Reproduce, exactly and in full, the records that follow, minus any pictures.

## INPUT DATA:
● ● ● ● ●

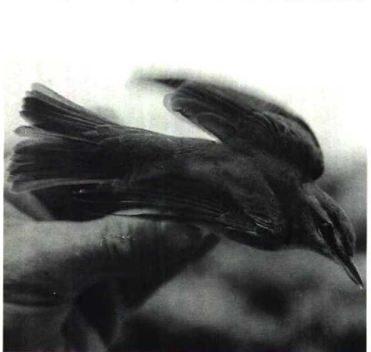
83 Roodoogvireo / Red-eyed Vireo Vireo olivaceus , Vlieland, Friesland, 24 september 1991

We apologize for this regrettable mistake. EDITORS
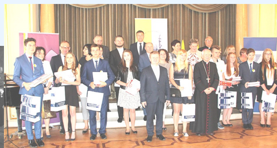
Łódź 2016 r.
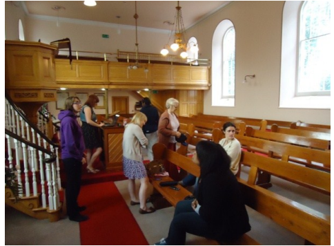
Kirken i Gracehill

at der er fem menigheder i Nordirland. De fire andre menigheder består kun af en kirkebygning.
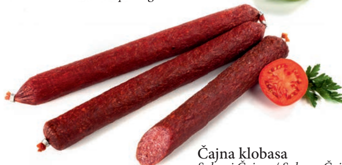
Čajna klobasa Salami Čajna / Salame Čajna
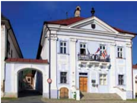
volebná miestnosť č. 3 – Mestský úrad

Volebná miestnosť – Mestské kultúrne stredisko, prízemie vľavo, Ulica Pavla Križku č. 391/6
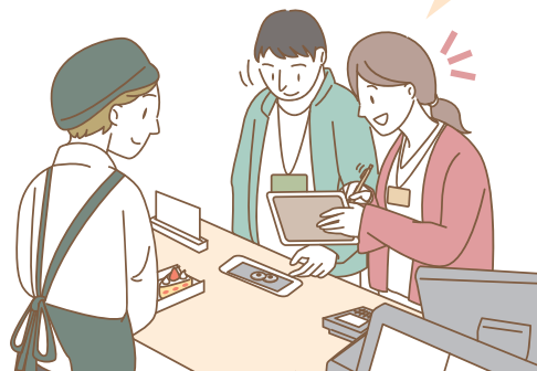
外出同行支援実習の場面
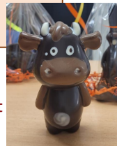
Boîte en fer poule (11 €)

2 œufs praliné + friture = 70 g de chocolat
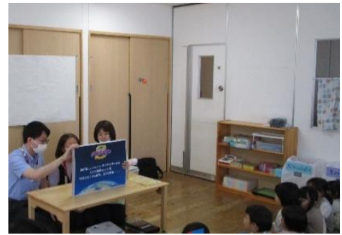
「食の安全教室（手洗い教室）」の様子
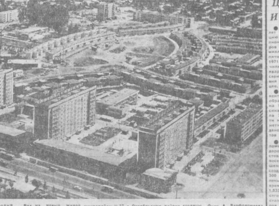
ТАШКЕНТ СЕГОДНЯ. Вид на новый жилой микрорайон Ц-27 в Октябрьском районе столицы.

Ночами эстонские строители работали на сооружении детского сада в этом же районе Ташкента. Ночами, потому что для северян сорокаградусная жара была в диковинку. Но жарой за труд стало то, что построенный детский сад был признан лучшим по качеству и планировке.
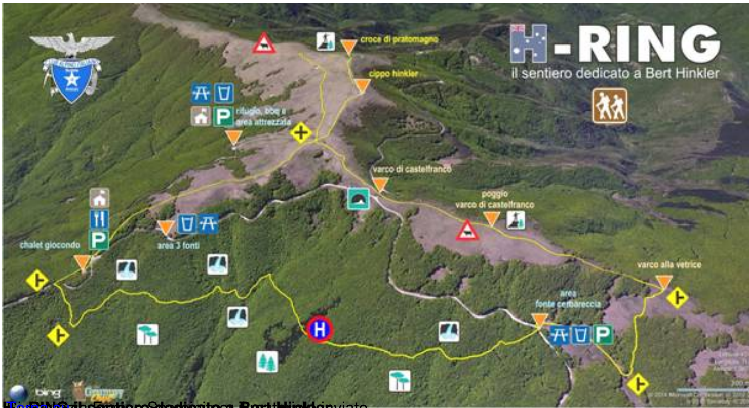
H-RING il sentiero dedicato a Bert Hinkler
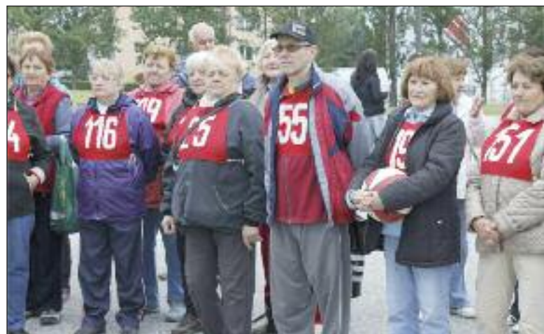
Pohľad na úšatníkov vlnajšieho ročníka Športových hier seniorov
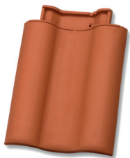
Dubbele welpan dekkende breedte ca. 302 mm

Minimaal 10 mm. ruimte houden tussen gevelpanflap en boeiboord!
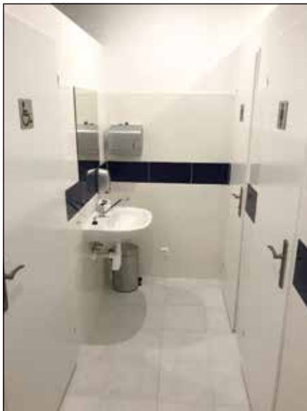
● Rekonštrukcia sociálnych zariadení v budove zdravotného strediska, rok 2019
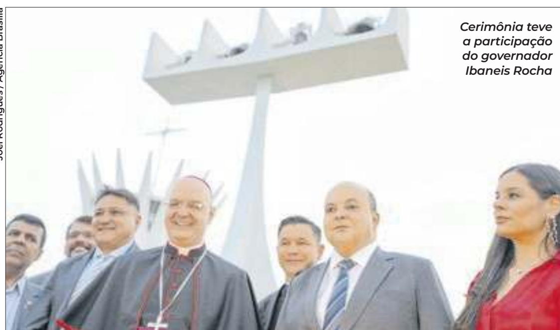
Cerimônia teve a participação do governador Ibaneis Rocha

Após seis anos de silêncio, os sinos do Campanário da Catedral Metropolitana de Brasília voltaram a badalar. Oficialmente, coube ao governador Ibaneis Rocha (MDB) acompanhar a estreia do novo sistema, que conta agora com acionamento remoto. A restauração foi orçada em R$ 126 mil reais e a verba foi doada em junho pela Embaixada de Taiwan, representada no Brasil pelo embaixador Bento Liao. Após essa manutenção, será possível ouvir os sinos nos horários tradicionais: às 6h, às 12h e às 18h. Os quatro sinos de bronze que estão no alto da estrutura, a 20 metros de altura, foram doados pelo governo da Espanha e inaugurados em 1977.
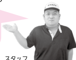
モヤヒルズ スタッフ

ファミリーパック割引は 合計金額から割引。 4枚以上購入時の割引に ついてはお問合せください。
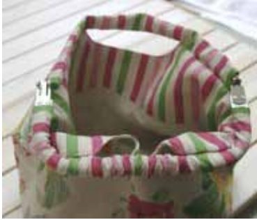
③ 片方の金具が通ったところ
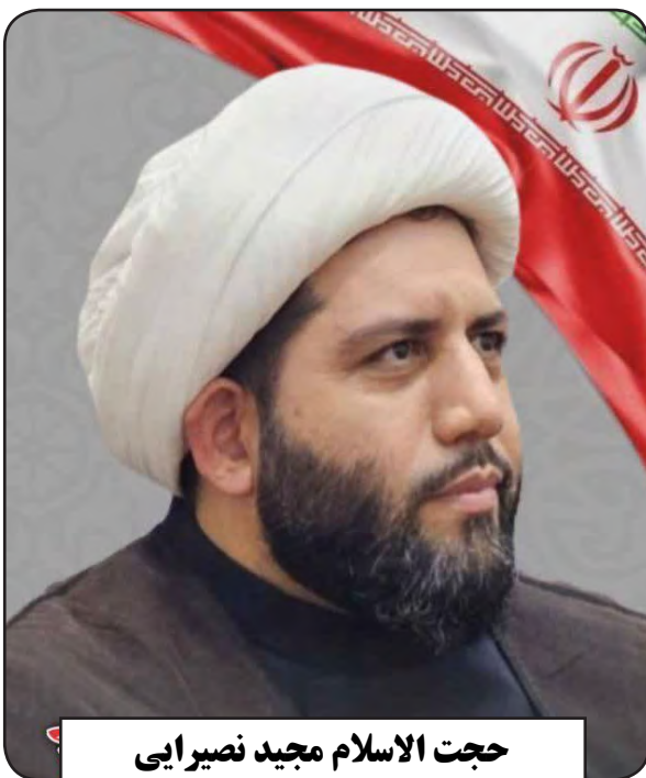
حجت الاسلام مجید نصیری
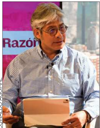
Wilfredo Chávez, exprocurador.

Por ello, aseveró que no hay impedimento constitucional para que Evo Morales sea candidato en las elecciones de 2025.
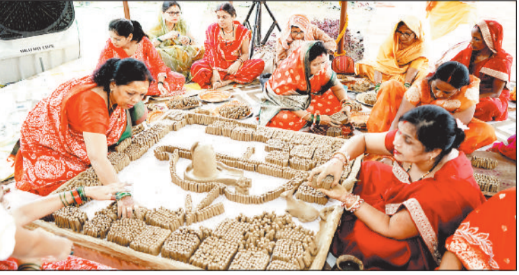
हरिभूमि न्यूज | जशपुरनगर

श्रावण मास पर श्रीफलेश्वर महादेव मंदिर बगिया में 1 लाख 108 पार्थिव शिवलिंग निर्माण एवं विशेष पूजन अनुष्ठान का भव्य शुभारंभ हुआ। यह आयोजन तीन दिवसीय धार्मिक महोत्सव के रूप में 22 से प्रारंभ होकर 24 जुलाई तक चलेगा।
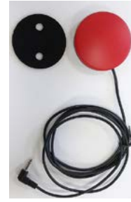
Botón pulsador 64 mm // QMP110611 - QMP110613 // QMP110631 - QMP110633

● ● ● ● ●

## THE COMPLETED TASK:
83 Roodoogvireo / Red-eyed Vireo Vireo olivaceus , Vlieland, Friesland, 24 september 1991

We apologize for this regrettable mistake. EDITORS
Łódź 2016 r.
Kirken i Gracehill

at der er fem menigheder i Nordirland. De fire andre menigheder består kun af en kirkebygning.
Čajna klobasa Salami Čajna / Salame Čajna
volebná miestnosť č. 3 – Mestský úrad

Volebná miestnosť – Mestské kultúrne stredisko, prízemie vľavo, Ulica Pavla Križku č. 391/6
外出同行支援実習の場面
Boîte en fer poule (11 €)

2 œufs praliné + friture = 70 g de chocolat
「食の安全教室（手洗い教室）」の様子
ТАШКЕНТ СЕГОДНЯ. Вид на новый жилой микрорайон Ц-27 в Октябрьском районе столицы.

Ночами эстонские строители работали на сооружении детского сада в этом же районе Ташкента. Ночами, потому что для северян сорокаградусная жара была в диковинку. Но жарой за труд стало то, что построенный детский сад был признан лучшим по качеству и планировке.
H-RING il sentiero dedicato a Bert Hinkler
Pohľad na úšatníkov vlnajšieho ročníka Športových hier seniorov
Dubbele welpan dekkende breedte ca. 302 mm

Minimaal 10 mm. ruimte houden tussen gevelpanflap en boeiboord!
● Rekonštrukcia sociálnych zariadení v budove zdravotného strediska, rok 2019
Cerimônia teve a participação do governador Ibaneis Rocha

Após seis anos de silêncio, os sinos do Campanário da Catedral Metropolitana de Brasília voltaram a badalar. Oficialmente, coube ao governador Ibaneis Rocha (MDB) acompanhar a estreia do novo sistema, que conta agora com acionamento remoto. A restauração foi orçada em R$ 126 mil reais e a verba foi doada em junho pela Embaixada de Taiwan, representada no Brasil pelo embaixador Bento Liao. Após essa manutenção, será possível ouvir os sinos nos horários tradicionais: às 6h, às 12h e às 18h. Os quatro sinos de bronze que estão no alto da estrutura, a 20 metros de altura, foram doados pelo governo da Espanha e inaugurados em 1977.
モヤヒルズ スタッフ

ファミリーパック割引は 合計金額から割引。 4枚以上購入時の割引に ついてはお問合せください。
③ 片方の金具が通ったところ
حجت الاسلام مجید نصیری
Wilfredo Chávez, exprocurador.

Por ello, aseveró que no hay impedimento constitucional para que Evo Morales sea candidato en las elecciones de 2025.
हरिभूमि न्यूज | जशपुरनगर

श्रावण मास पर श्रीफलेश्वर महादेव मंदिर बगिया में 1 लाख 108 पार्थिव शिवलिंग निर्माण एवं विशेष पूजन अनुष्ठान का भव्य शुभारंभ हुआ। यह आयोजन तीन दिवसीय धार्मिक महोत्सव के रूप में 22 से प्रारंभ होकर 24 जुलाई तक चलेगा।
Botón pulsador 64 mm // QMP110611 - QMP110613 // QMP110631 - QMP110633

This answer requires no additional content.